§ EXERCISE GOAL
Give back exactly the lines starting at the one with "- Durable metal" and ending at the last line of the data below. Pictures are not part of the copy.

§ DATASET CONTENT
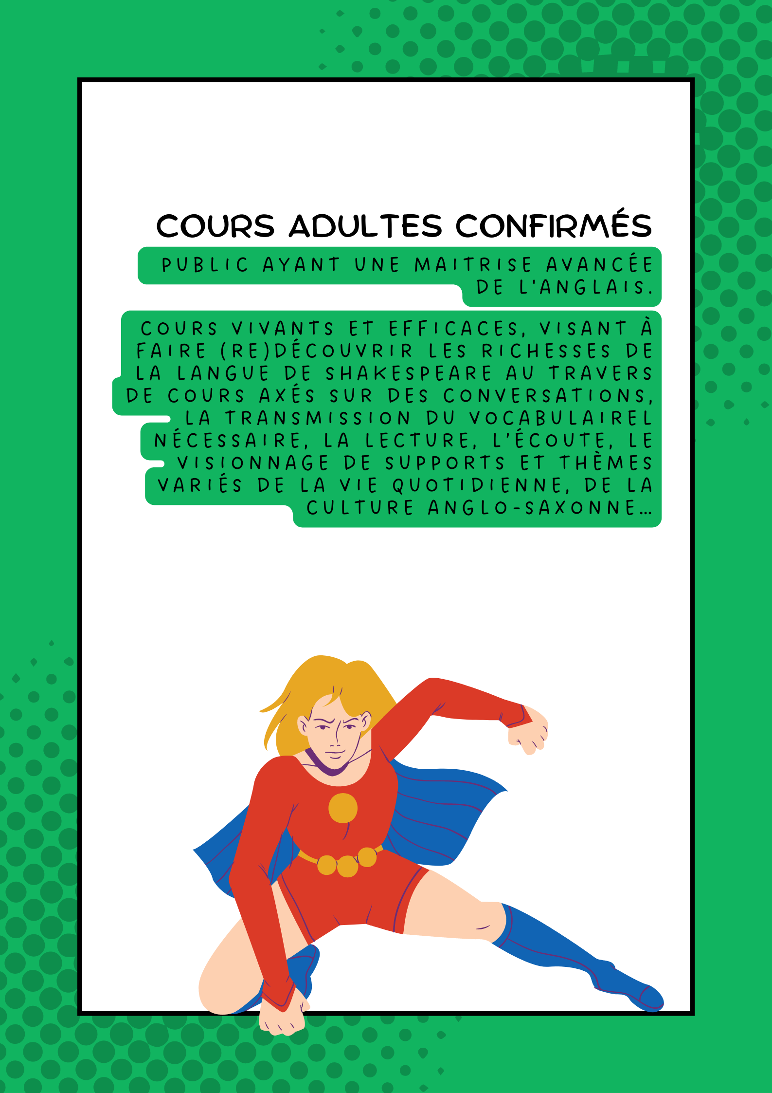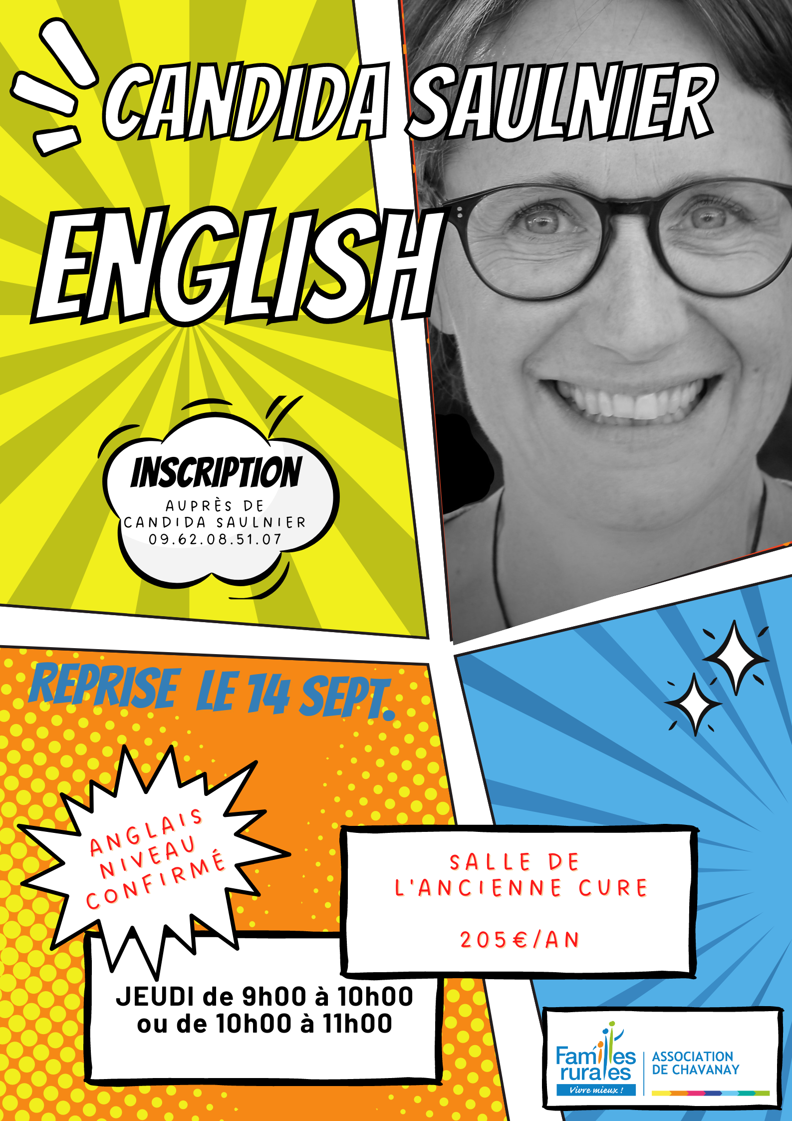 Hatha Yoga Club de marche Pilates Renforcement musculaire - Stretching - Relaxation Renfo. musculaire - Cardio Gym douce - Assouplissement Cours d'anglais - Intermédiaire Cours d'anglais - Confirmé Cours d'anglais - ConfirméCours destinés à un public ayant une maitrise avancée de l'anglais. Les cours sont vivants et efficaces, ils visent à faire (re)découvrir les richesses de la langue de Shakespeare. Tarif210€ l'année + 32€ d'adhésion à l'Association Familles Rurales. Où et quand?Salle de l'ancienne cureLes jeudis de 9h00 à 10h00 ou de 10h00 à 11h00.Démarrage des cours le 17/09/2025 Les coursLe premier cours d'essai est gratuit.Cours dispensés par Candida Saulnier. InscriptionsInscription pour l'année.Inscription directement auprès de l'enseignante Mme Candida Saulnier au 09.62.08.51.07
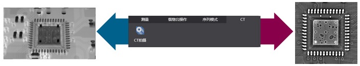从X射线透视观察到CT摄影只需点击切换图标。对于透视观察难以识别的立体构造物品,通过简单的操作就能立刻切换到断面观察。
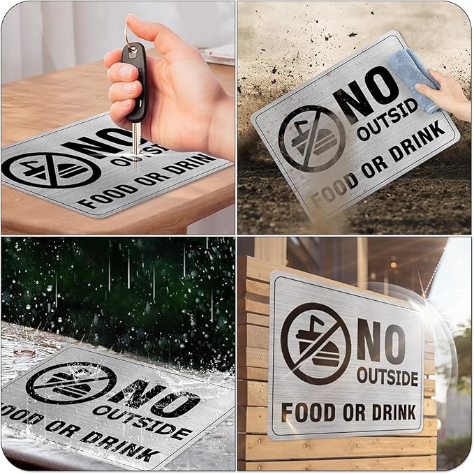- Durable metal sign: Heavy duty aluminum construction ensures long-lasting use of this no outside food sign, it is waterproof, rust free, and not easy to bend or scratch.
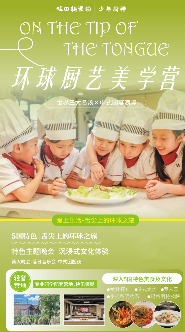 2.3-7寒假独立营【少年厨神·环球厨艺美学营】5天4夜美食营,沉浸式美食探索,化身“米其林小主厨”,解锁5国特色:中 / 泰 / 意 / 俄 / 法经典菜亲手做。

§ YOUR RESPONSE
- Durable metal sign: Heavy duty aluminum construction ensures long-lasting use of this no outside food sign, it is waterproof, rust free, and not easy to bend or scratch.
 2.3-7寒假独立营【少年厨神·环球厨艺美学营】5天4夜美食营,沉浸式美食探索,化身“米其林小主厨”,解锁5国特色:中 / 泰 / 意 / 俄 / 法经典菜亲手做。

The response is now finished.